We use the noun 'consciousness' as if it were a static 'thing' but actually it is a dynamic synthesis of many consciousness streams converging and vying for recognition. Our conscious mind is a 'funnel' choking down the flow of the stream of information filtering for that which is most relevant to physical survival. Anyone who has tried psychedelics experiences a much grander scale of 'consciousness' than what is socially acceptable. What is 'real' or 'magic' is a mere matter of momentary perception.

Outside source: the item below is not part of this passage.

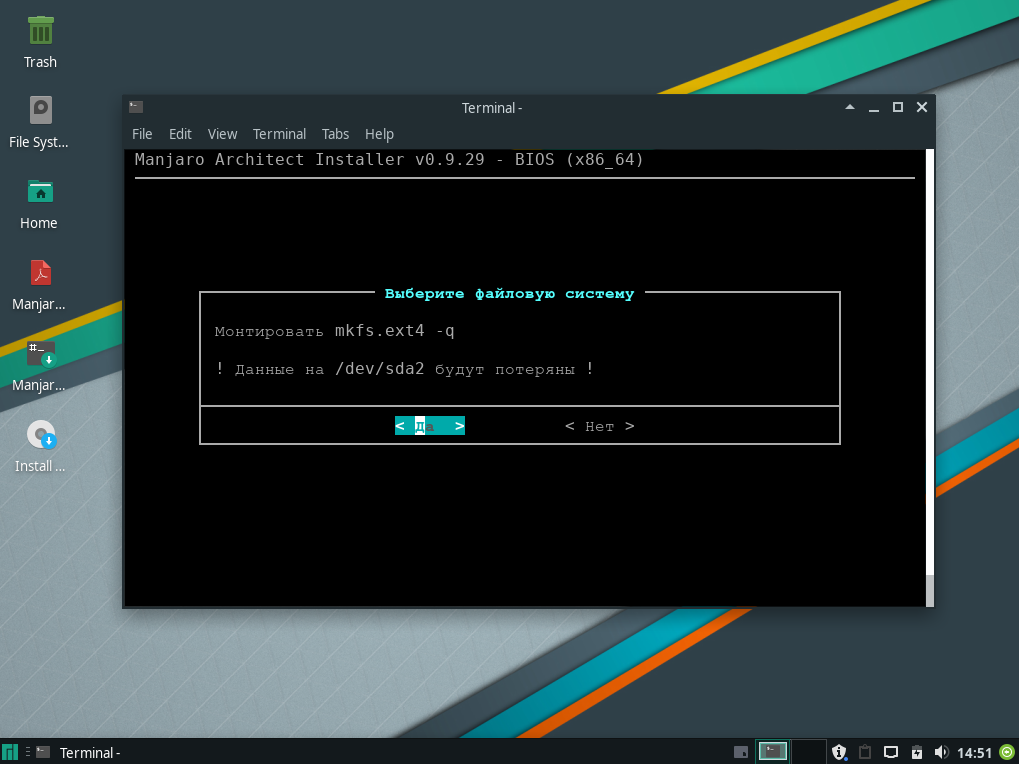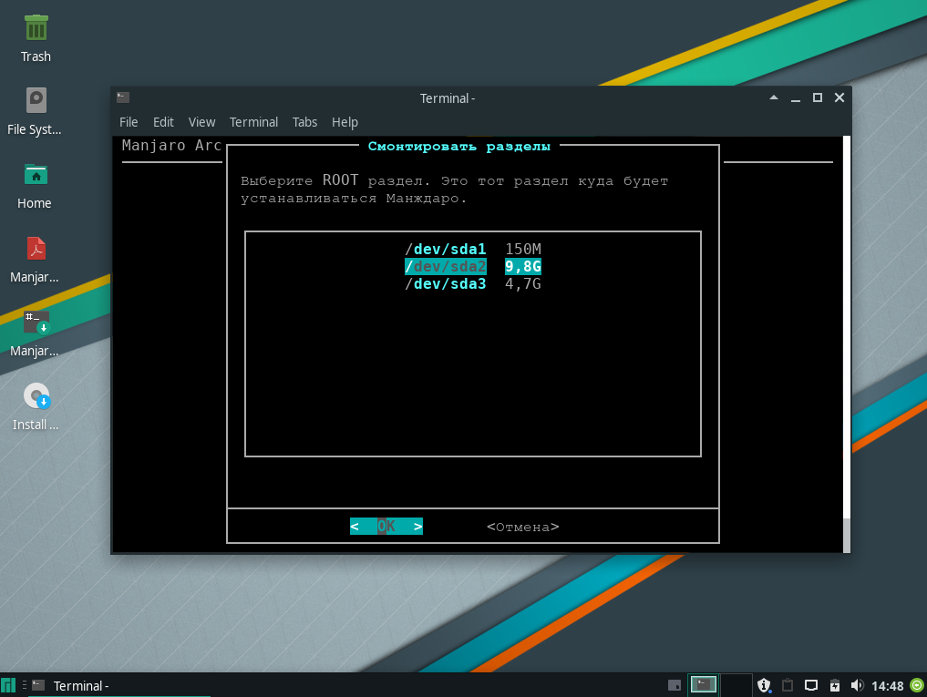 Мы будем использовать графический установщик Calamares, так как со своего опыта я могу судить, что он стабильнее чем Thus. Запускаем его.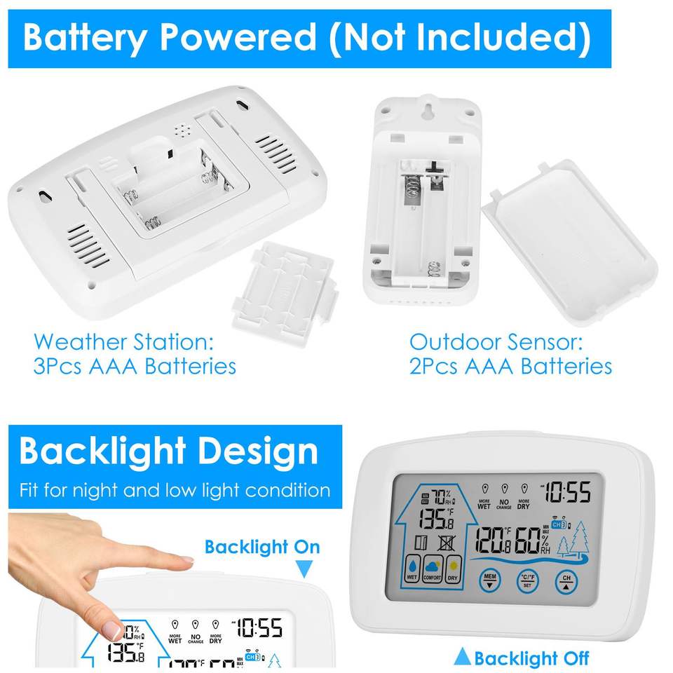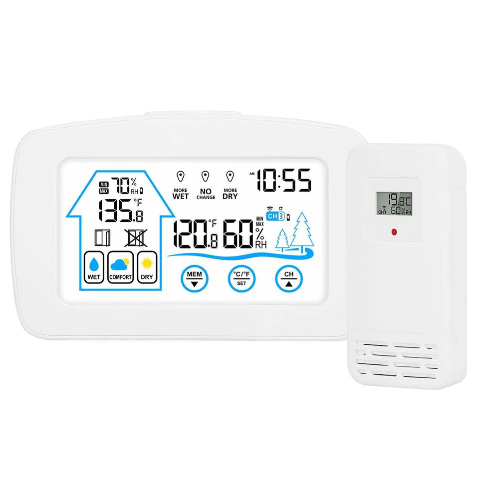 Stazione Meteo Wireless per Interni/Esterni con Portata di 60 Metri, Orologio, Termometro e Sensore per Monitoraggio Temperatura e Qualità dell'Aria

I am reading a book by body worker Philip Shepherd called "Radical Wholeness." He mentions that we have two physical brain centers - our head-brain and our gut-brain. Our head-brain primarily processes on making 'rational' judgments linking past memories to possible future outcomes. Yes, it is a massive heuristic designed to bypass having to actually experience something to know if it is life-affirming or threatening. Our gut-brain, located in our pelvic bowl region and linked to our head-brain via the vagus nerve, is more sense-connected and grounded in the present moment. It operates more on intuition rather than logic having deep primal insights encoded in the DNA of our cells. Our Western culture favors the logical head-brain over the messier gut-brain but a balance of the two consciousness centers would be ideal.

What blows my mind is the latest research on the human microbiome - the colonies of microbes that co-inhabit our bodies digesting our food and fighting pathogens. "Bacteria in an average human body number ten times more than human cells, for a total of about 1000 more genes than are present in the human genome."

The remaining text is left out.